Your LLM is almost certainly good enough. Your retrieval almost certainly is not.
This post is not a tutorial. It is a field report on what changes when you move RAG from a Jupyter notebook to a system that handles 50,000 queries a day with real users, real compliance requirements, and a real budget.
---
The Tutorial Trap
The standard RAG pattern --- fixed-size chunking, cosine similarity over dense embeddings, stuff everything into a prompt --- works beautifully on demo datasets. It works because demo datasets are clean, homogeneous, and small.
Production data is none of those things. Your documents have tables, headers, nested lists, code blocks, and metadata that matters. Your users ask vague questions, follow-up questions, and questions that require synthesizing information across multiple documents. Your compliance team wants to know exactly which document a claim came from, and your finance team wants to know why the LLM bill tripled last month.

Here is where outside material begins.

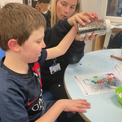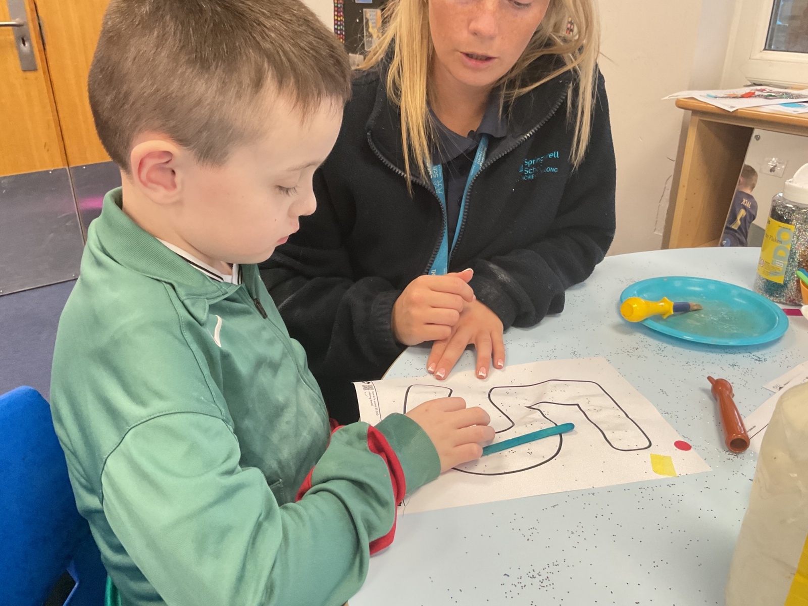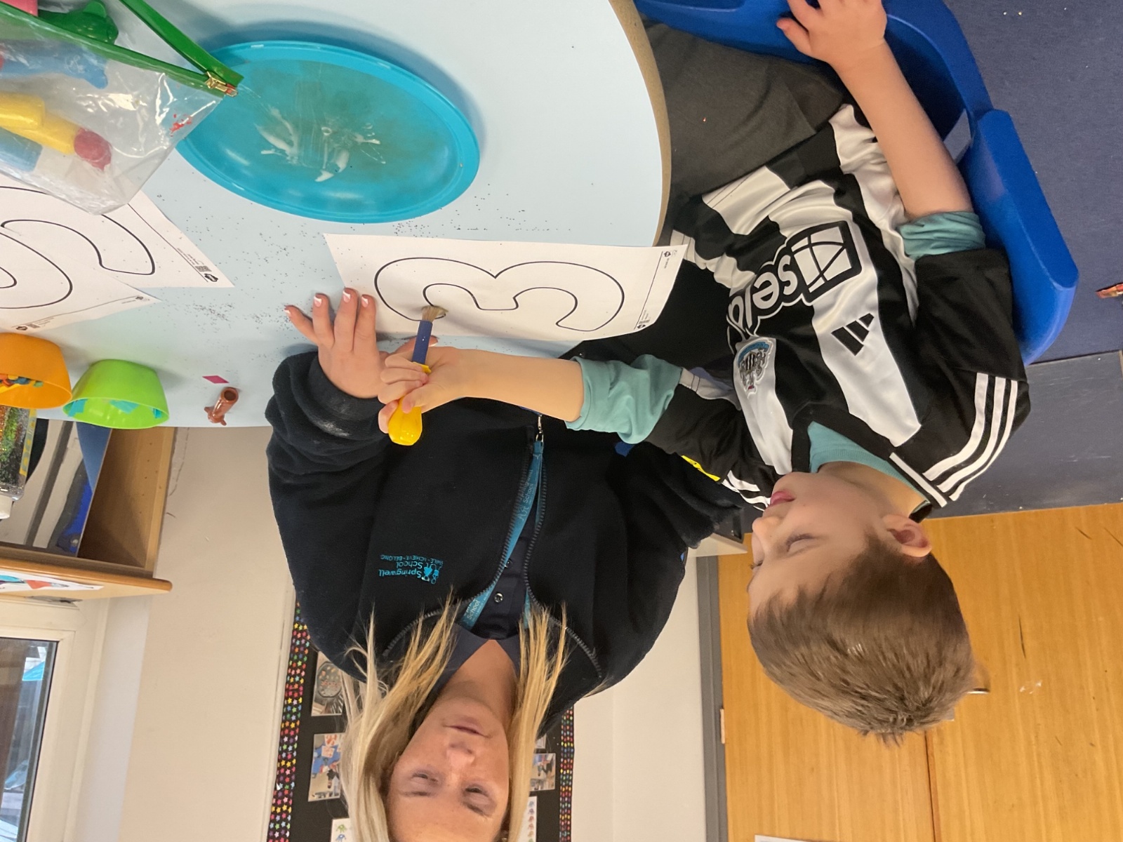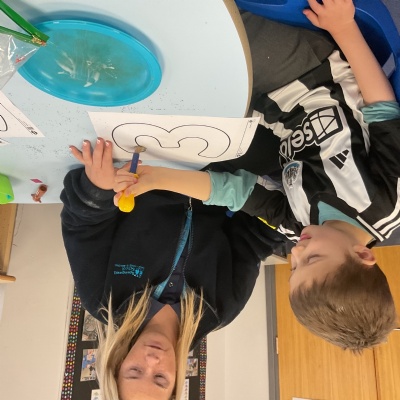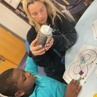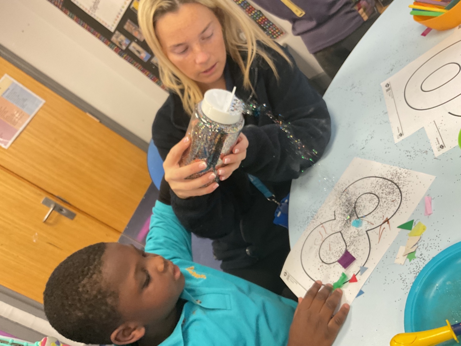 We also celebrated Number Day, which brought creativity into the classroom. The children proudly placed their donations into the box at the front of school. The children then enjoyed diving into a range of number‑themed activities. Using paint, glue, and plenty of glitter, they created their favourite numbers in bright, sparkling designs. It was messy, joyful and full of learning.

Companies like Freshworks and Zoho learned this when building AI features into their SaaS platforms. Razorpay discovered it when adding intelligent document processing to their payment infrastructure. The tutorial gets you to a demo. Production requires six fundamental changes.
---
6 Things That Change in Production
1. Semantic Chunking vs. Fixed-Size Splitting
Fixed-size chunking (500 tokens with 50-token overlap) is the default in every tutorial. It is also the single biggest source of retrieval degradation in production.
The problem is simple: fixed-size chunks routinely split semantic units. A paragraph explaining a policy gets cut in half. A table loses its header. A code example gets separated from its explanation.
Semantic chunking preserves meaning boundaries. We use a two-pass approach: first, split on structural markers (headings, paragraph breaks, list boundaries), then merge small chunks and split oversized ones while respecting sentence boundaries.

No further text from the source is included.